Financial Daily from THE HINDU group of publications
Thursday, Feb 03, 2005
Agri-Biz & Commodities
Block rubber production languishing
Vipin V. Nair
Kochi , Feb. 2
DESPITE being the fourth largest natural rubber producer in the world, production of technically specified rubber (TSR) has been remarkably low in the country. And nobody is sure how to boost the output.
Growers, processors and consumers all agree that block rubber production has to be increased in line with global trends.
But they have to put together in the right way the building blocks of price, raw material and quality and usage.
Tyre manufacturers, who consume 52 per cent of the rubber production, say TSR, or block rubber, produced in the country lacks consistency in quality and hence they resort to its import.
Processors, on the other hand, argue that tyre makers are trumping up this excuse to import more of the commodity to keep domestic prices under pressure.
"There should be consistency in technical specifications. This aspect, at present, is lacking. In a general vein, TSR produced in India is not up to world standard... " says the Automotive Tyre Manufacturers Association (ATMA).
ATMA says tyre makers would continue to prefer importing TSR because of the cost advantage and acceptable quality, unless the present price differential in the world market between sheet rubber and TSR changes.
But, according to Mr Baiju Radhakrishnan, Managing Director of Kerala State Agro Co-Op Ltd (Agreenco), Indian-made block rubber meets most of the quality parameters.
"This argument (about inconsistent quality) comes up with when we try to sell in the domestic market," he says, while pointing out that Agreenco has been exporting 300-400 tonnes of TSR a month for the last one-and-a-half years.
Agreenco recently set up a TSR processing factory with a daily production capacity of 12-tonnes.
It invested Rs 2.8 crore in the factory.
The main reason for the quality issues of Indian TSR is the raw material used for its production: scrap rubber.
"It is the lack of quality of raw material used for manufacture of TSR which is the prime reason for inconsistency in technical specifications," ATMA said.
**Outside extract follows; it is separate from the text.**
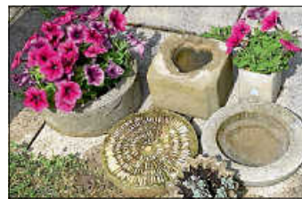
Betongießen Projektbeispiele

Am Fr. 08. Juli 2020 ab 19 Uhr gehts in der Hobbybude kreativ zu, denn wir wollen mit Euch Erwachsenen wieder DIY-Projekte mit Beton umsetzen. Dabei kommen verschiedene Formen zum Einsatz. Ob Trittstein, Vogeltränke, Dekoschale, Zackentopf oder eigene Ideen, jede(r) kann machen was er/sie möchte! Trittsteine können gleich mit Kieselsteinen oder Mosaiksteinchen verziert werden. Wegen der Planung treffen wir uns nach Absprache vorher, um zu klären, welche Formen gebraucht werden.

Scrap rubber (the residue after the latex is collected from rubber trees) is often contaminated with sand and other foreign particles.
As against this, latex is used to process the TSR in other countries.
"We concede that there are quality problems," says Prof. K K Abraham, President of the Pala Marketing Society, a leading rubber co-operative.
Prof Abraham says that it is the use of scrap rubber that also hinders the large-scale production of TSR.
"We have only 1.5 lakh tonnes of scrap rubber available in India as compared with our rubber production of around 7.5 lakh tonnes," he said. So there is dire shortage of raw material often felt by block rubber processing units.
While Indonesia's entire rubber output is in the form of block rubber, in Thailand it is 90 per cent.
But in India, it constitutes a meagre 13 per cent of the total rubber production.
Experts say enthusing growers to switch from sheet to block rubber is an uphill task.
"We will have to wait for a long time," says Prof Abraham. He cites the example of Indonesia where farmers were encouraged to supply latex for block rubber production through subsidies.
Mr Radhakrishnan says providing subsidies to farmers may not be possible in today's circumstances. "We should have done it in the past."
However, latex fetches a lower price for farmers and unless the price difference with a sheet rubber is bridged, they may continue to be averse to supplying the latex.
Another side of the issue is that if latex is used in place of the scrap rubber, cost of TSR production will go up.
Tyre industry may not be willing to pay a higher price for block rubber than the prevailing rates.
Also, tyre companies are not using TSR in the production of all categories of tyres, as they prefer the sheet rubber the most in India.